Large, well-established teams working on big SoC designs may be begging for a way forward as they press the limits of their power management architecture. Sonics’ CTO Drew Wingard says he’s working with such a team with 15 people doing power management alone, and two other design groups intertwined. It begs the question, can companies really continue to afford 15 people working on SoC power management, or can those 15 designers be put to better use adding value?

In the post-mobile world, including things like IoT devices, projects tend to be smaller and more numerous and chip variants need to be spun quickly. A consistent energy management architecture would help reach some of the more aggressive goals for always-on devices. These design groups may also be coming from a base of less experience with IP-based SoC design, perhaps realizing the limits of merchant microcontrollers and looking to optimize their devices for power consumption.

What SoC design team wouldn’t benefit from IP automation? EPU Studio is way more than a spiffy UI to just create a configuration. Sonics’ automation knows where all those auto-generated registers in the EPU IP live, and the required hardware sequencing to get the best results. Auto-generated IP means the time to the first working simulation is much faster. With automation, design teams have time to explore multiple energy management implementations and optimize more use cases.
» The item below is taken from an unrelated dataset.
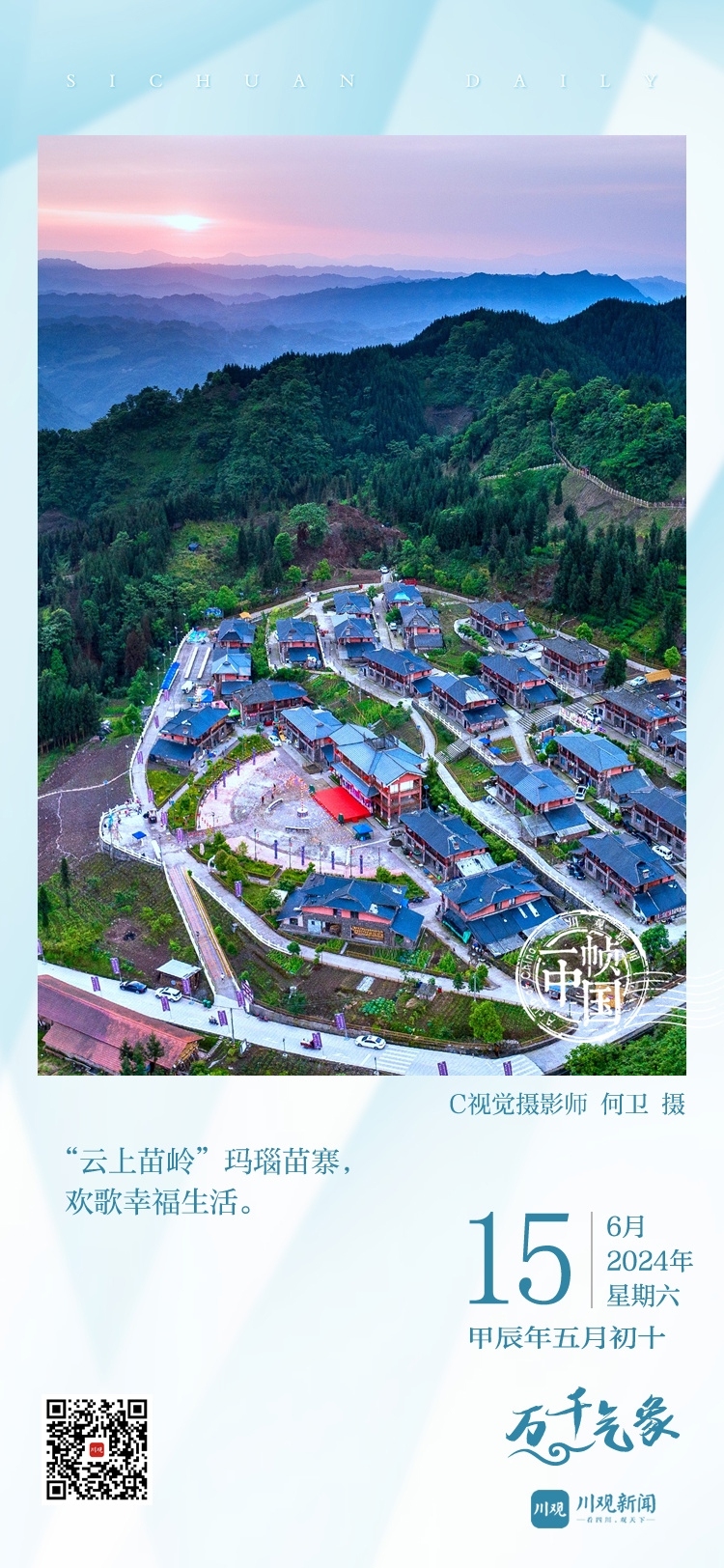 今天的《一帧中国》,川观新闻带您走进马边彝族自治县玛瑙村,欣赏玛瑙苗寨日出。玛瑙苗寨位于玛瑙村的高山区,坐落于金沙江、岷江的两江分水岭之上,使得这里常年云雾缭绕、景色宜人,故有“云上苗岭”之美誉。

Judge for yourself. Getting started is easy:

  • Visit any page on https://sonicsinc.com
  • Click the “Free Trial” button in the upper right corner.
  • Fill out the form and request a download of the EPU Studio Configuration Trial.
  • In an hour or maybe two, you’ll see the completed results and can explore what’s going on.
  • You can then try creating a more advanced configuration on your own.

Sonics has created a formidable competitive weapon for SoC teams with the EPU concept. Taking back battery power in those idle moments could be the difference maker for consumers considering a device. Freeing up teams from the drudgery of a software-based power management implementation is a huge plus. Exploration might be the biggest win – instead of rushing a best-guess attempt to the finish line, teams can really dive in and evaluate several energy management approaches to select the best one. It’s worth a shot just to get a look at the technology via this trial.